Костя с Верой держались за руки, как подростки; Вера надела майку на тонких бретельках, и ее кожа казалась влажной и светящейся. Они купили в киоске картонное ведерко с попкорном, забрались в прямоугольную кабинку чертова колеса и полюбовались оттуда широко раскинувшимся парком, ночным городом, цветной круговертью аттракционов. Костя обнимал Веру, и она не отстранялась, ныряя в его объятия, как в воду. Моментами его охватывала странная тоска, но Костя тут же напоминал себе, что все плохое в его жизни закончилось и начинается новое, очень хорошее. В эти мгновения он прижимал Веру к себе сильнее, мечтая сказать ей, что она действительно необыкновенная, «небесное создание», но все это уже было сказано когда-то и оставалось только забрасывать горстями в рот сладкую жареную кукурузу, вдыхать воздух венской ночи.
Улетали на рассвете, когда жара отступила, впустив в город туман и прохладу. Едва заметно моросил дождик; капли сразу испарялись с мостовой, повисая в воздухе молочно-белой дымкой. На паспортном контроле пограничник пожелал Косте счастливого пути; Костя почувствовал себя заговорщиком, скрывающим от веснушчатого парнишки в темно-синей форме свои планы по возвращению на территорию, которую тот охранял от чужаков. «А я ненадолго, скоро вернусь», – подумывал Костя сказать, но на всякий случай промолчал, чтобы не спугнуть удачу.
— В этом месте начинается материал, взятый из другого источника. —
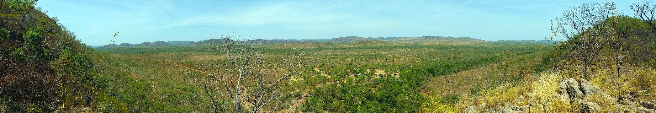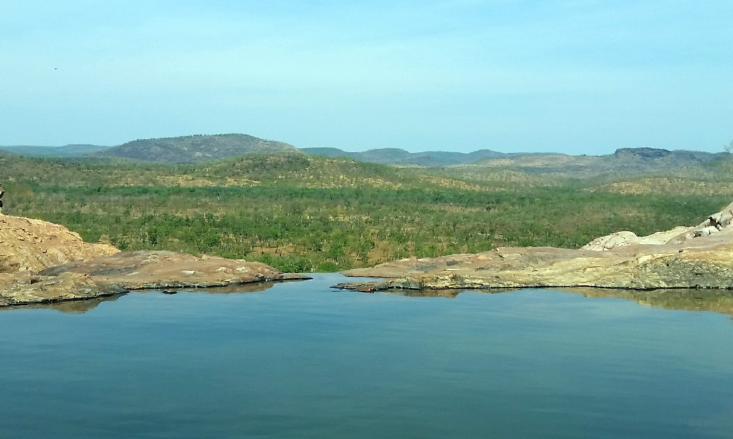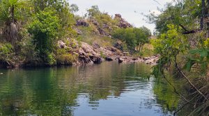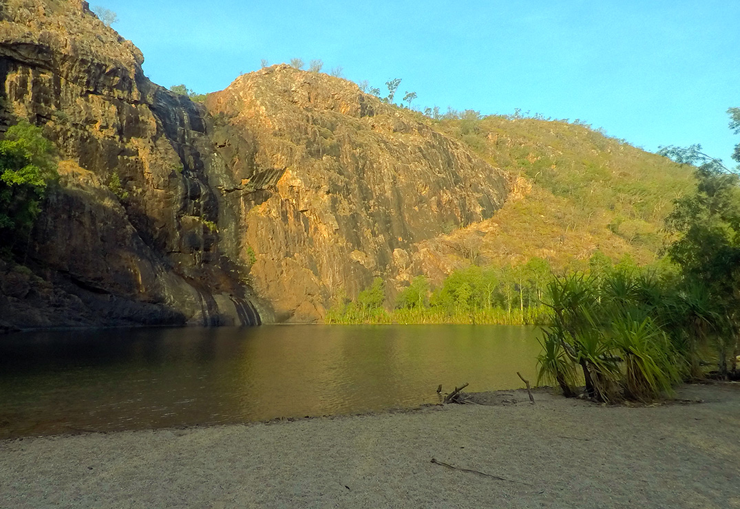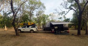The first stop in Kakadu was Gunlom Falls, arriving in convoy with our good travelling companions “Woodies from Melbourne”, but unfortunately Cat (mum Woodie) developed an allergic skin complain. So the Woodies broke camp after the first night and headed directly to Jabiru for medical assistance. We remained for an extra day/night to explore the local area. This time of year, only a trickle of water descending into the large lagoon at the base of the high falls, however the lagoon proved a very large deep refreshing swimming hole. The next day, some people advised us that Park Rangers were advising people to stick close to the small sand beach as a 3m freshwater female croc was patrolling the other side if the lagoon where the water falls into the lagoon. I didn’t get that memo the day I decided to swim the 150 metres across the lagoon.
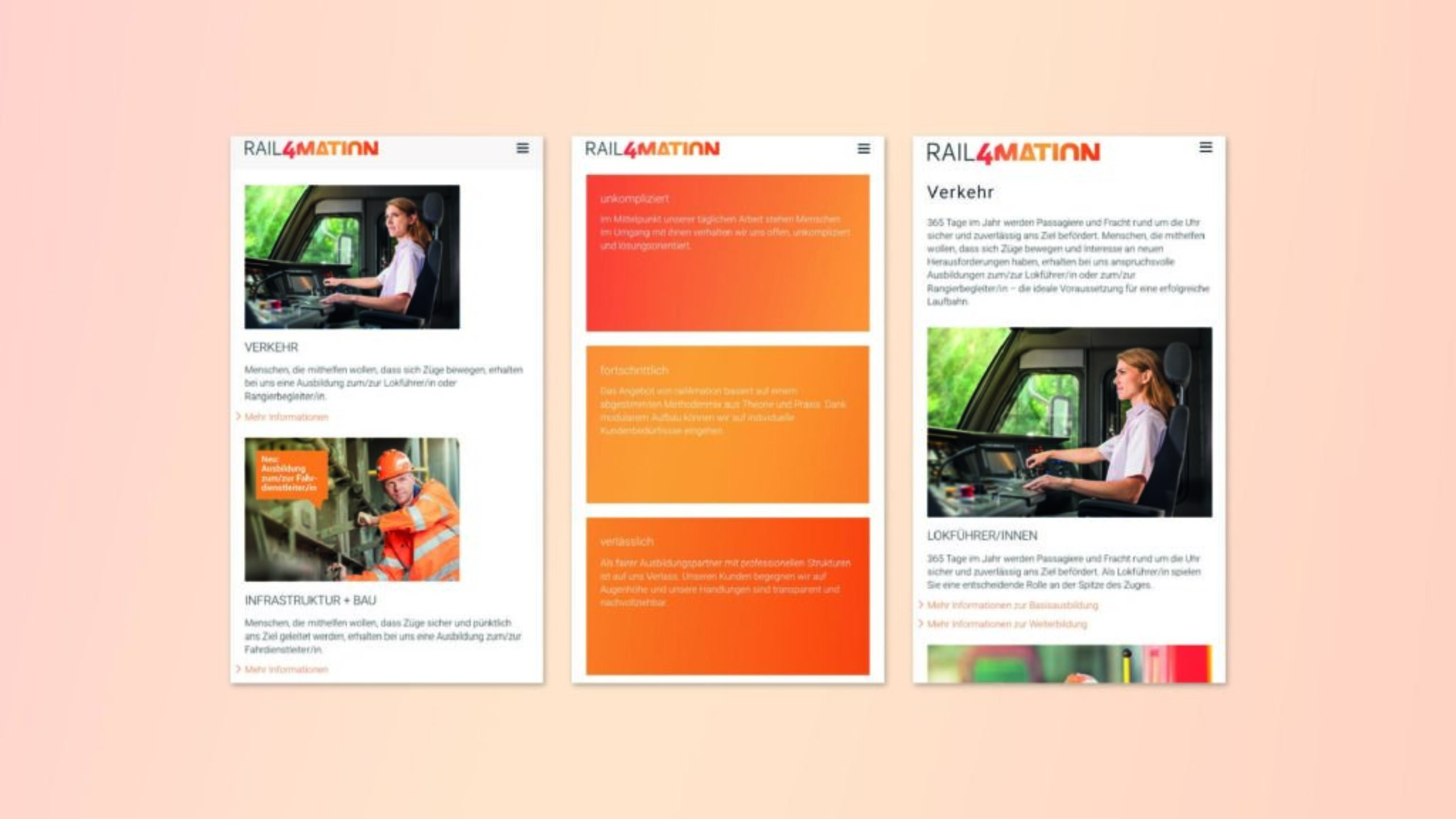Rail4mationAusbildungshaus für Bahnbetriebe Rail4mationAusbildungshaus für Bahnbetriebe Rail4mationAusbildungshaus für Bahnbetriebe Weitere Projekte Jonapark Rüti Wohnraum digital entdecken und Zuhause finden Sihltal Zürich Uetliberg Bahn SZU Online Verbindungen finden und Ticket lösen Menu and More Digitale Unternehmensvorstellung im Web Kern Uster Website für das Wohn- und Gewerbeviertel Rail4mation Webauftritt für das Bahnunternehmen Wirtschaftsschule KV Winterthur Einheitlicher Markenauftritt für die Schule

В Москве они переехали из аэропорта на Курский вокзал, сели в «Ласточку». Когда поезд тронулся, Вера повернулась к Косте:
– Ты уже подумал, что хотел бы ставить? Мейер с тебя потребует проект, успеешь подготовиться?
– Естественно, успею! Кое-какие планы уже есть.
За окнами пролетали сады, маленькие городки, дачные поселки. Серо-голубой лентой легла под колеса Ока; на берегу кое-где стояли палатки, забрасывали удочки рыбаки. Прорастали на полях зеленые кулачки будущей капусты, цвел ярко-желтый рапс. Потом начались городские окраины, и поезд, сбавив ход, вкатился на вокзал, замер у платформы. Костя вспомнил, как полгода назад приехал на такой же «Ласточке» домой поверженным и разочарованным. Как стыдно было прийти к родителям, и как подкосила его их безоговорочная радость. Они не хотели для него ни славы, ни денег; им важно было, что он, Костя, сможет жить спокойно в тишине родной квартиры, как в крепости, за стеной маминой заботы и непоколебимого положения отца. Дома никто на него не посягнет, не поставит под сомнение его доброе имя.
За время, проведенное Костей под домашним арестом в Москве, мама сильно постарела, поседела – и это в пятьдесят с небольшим лет! Вокруг ее красивого рта залегли морщины, на которые раньше не было и намека; у отца под глазами чернели круги. Если Костя перед кем и чувствовал себя виноватым, то только перед ними – единственными людьми, которые любили его безусловно и безгранично.
Тем более прекрасно будет сейчас рассказать им, что он возвращается в строй. Возвращается как триумфатор. Они еще смогут гордиться им.
И надо обязательно познакомить их с Верой! Да-да, сейчас же, не откладывая! Прямо с вокзала они поедут к Косте домой, он не позволит ей отсидеться в отеле и сделать вид, что она ни при чем.
Они уже шли в сторону стоянки такси; Костя окликнул Веру, шагавшую первой:
– Давай-ка мы сразу ко мне поедем, ладно?
Вера оглянулась и кивнула; Косте вдруг показалось, что свет в ее глазах не то чтобы погас, но стал каким-то тусклым.
– Ты чего? – спросил он, пока водитель грузил в багажник их чемоданы. – Что-то не так?
– Все нормально, – ответила Вера.
Таксист сел за руль, и Вера наклонилась к нему:
– Включите кондиционер посильнее, пожалуйста.
Костя взял ее за руку, погладил тонкие пальцы, пожал.
– Не волнуйся, ты что!
Ему пришло в голову, что она стесняется встречи с его родителями, что было, конечно, объяснимо, с учетом их случайного знакомства и скоропалительного отъезда. Но неужели такую девушку, как Вера, могут смущать предрассудки?
Такси остановилось у подъезда, Костя вылез, открыл дверцу перед Верой. Она посидела еще несколько секунд, как будто собираясь с духом, потом выбралась с сиденья, поправила волосы, одернула футболку в полоску – ту же, в которой была, когда они познакомились в ресторане.
Костя взял чемоданы, пропустил ее в подъезд перед собой, вызвал лифт. Пока кабина, содрогаясь, везла их на пятый этаж, он целовал Веру, и она отзывалась на поцелуи горячо, с дрожью, бегущей по телу.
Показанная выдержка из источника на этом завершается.